Each time the manufacturer of a new synth decides to improve the instrument’s audio quality by using a higher sampling rate or bit resolution, the audio software (or the OS in the hardware synth) can accomplish less before it uses up all of the available bandwidth in the CPU. Sooner or later, we reach a point of diminishing returns: Improving the audio quality further by increasing the sample resolution and bit rate isn’t useful, because the difference to human ears will be very, very subtle, while the degradation in performance caused by the amount of arithmetic the software has to execute in real time becomes overwhelming.
If the sampling rate is too low, the high frequencies in the sound will get lost.
Figure 2-2. When you do something, such as push a volume fader up to 11, that would require a digital audio signal to go past the maximum dynamic range of a component or module anywhere in the system, the signal clips. When viewed in an audio editor, a clipped signal has a flat top and/or bottom rather than a rounded shape. Clipping adds buzzy, high-pitched partials to the sound.
If the bit resolution (also called word length, because each sample is stored as an 8-bit, 16-bit, or 24-bit numerical “word”) is too low, the sound will be noisy. That’s pretty much all you need to know.
Most likely, your digital synthesizer will support at least a 16-bit, 44.1kHz data stream, so if you’re hearing a poor-quality signal, the source of your problems will probably lie elsewhere.
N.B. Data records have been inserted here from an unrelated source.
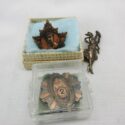 ![]() (LOT: M368) | ![]() Buckles and knives: Brass horse saddle, silver plate horse shoes with a turquoise stone and a metal star. Also 3 vintage pocket utility knives. (Click Here to see full auction listing) Bidding opens on December 29, 2025 12:00:00 AM | |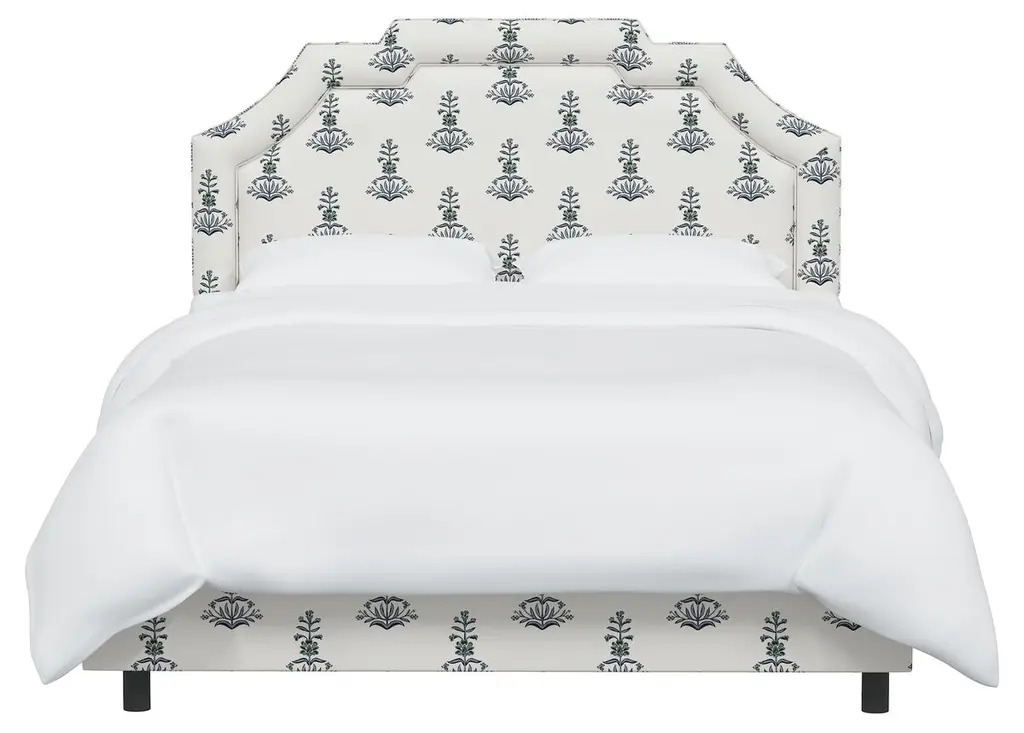 Exclusive to One Kings Lane: Graceful lines and upholstery inspired by Indian block prints give this bed a timeless elegance; foam-and-fiber padding ensures long-lasting comfort and support. Requires a mattress and a box spring.
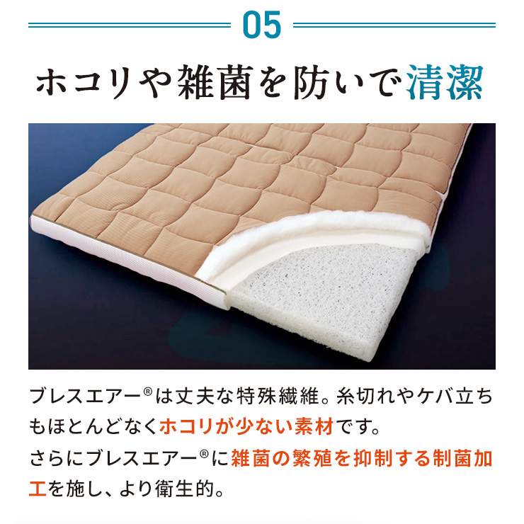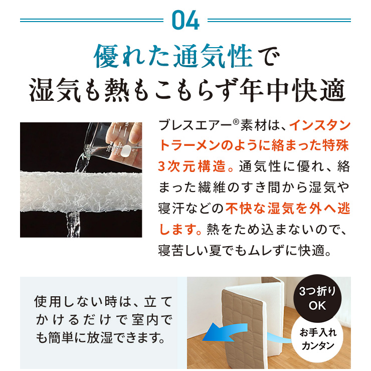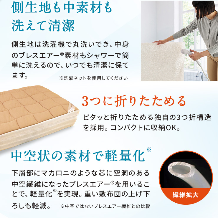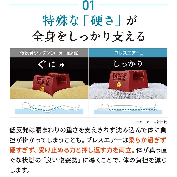 1枚目の画像説明文:肩腰を支えるロングセラー寝具!しっかりタイプのブレスエアー(R)素材を使用し、薄くて軽いのに全身をパワフルに支えます。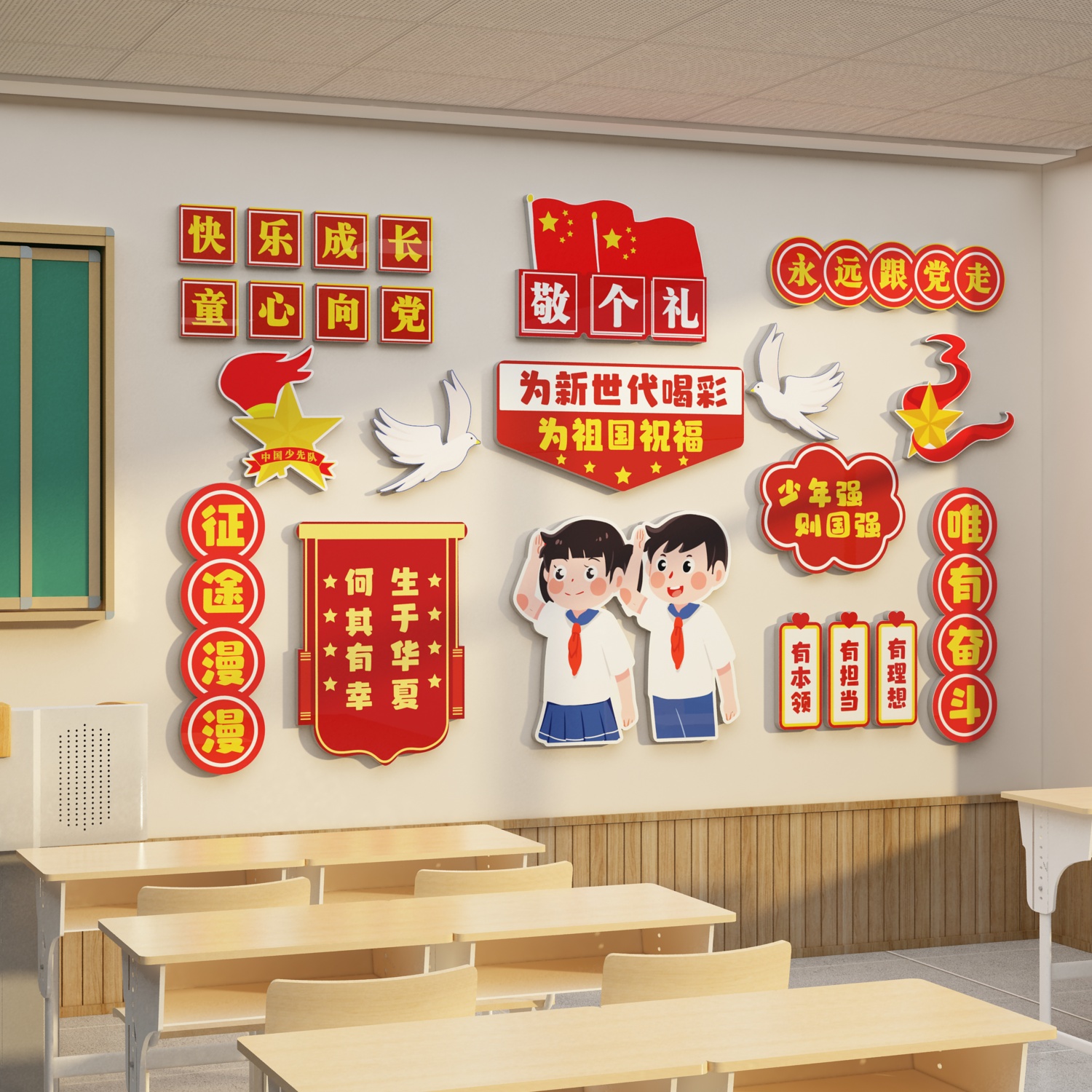 班级文化墙贴布置教室装饰爱国教育红色主题环创国庆节氛围黑板报

Other forms of digital audio nastiness include:
• Clipping. There’s an absolute limit on how large the numbers in a digital audio system can be.
(With floating-point math, this isn’t precisely true, but clipping can still become a problem at various points in the signal path.) If your audio software tries to make or use a number that’s too big, the waveform will reach the maximum possible level and then “clip.” In an audio editing program, clipping looks like Figure 2-2. If it’s brief, clipping sounds like a pop or click. If it goes on for more than a few milliseconds, it sounds as if the audio is being mangled with a buzz saw.
• Aliasing. If a digital synth tries to make a sound that contains any overtones higher than the Nyquist frequency, new partials will be introduced. The new partials will not be harmonically related to the fundamental. This phenomenon is called aliasing or foldover. A detailed discussion of aliasing would take several pages and several diagrams. Suffice it to say that if a high-pitched tone sounds bell-like when you don’t expect it to, or if a tone with vibrato has an unexpected up-and-down whooshing quality, you’ve got aliasing. It may help if you choose a waveform that has fewer overtones (such as a triangle wave instead of a sawtooth).
In a computer-based synth, you may also want to check whether the output is set to a 44.1kHz sampling rate. If the synth lets you choose this value, and if it’s currently set to 22.05kHz or 32kHz, increasing the value to 44.1kHz will quite likely reduce or eliminate aliasing.
Figure 2-3. The phase of a sine wave is measured in degrees. Each cycle of the wave goes through 360 degrees. 360 is the same as zero.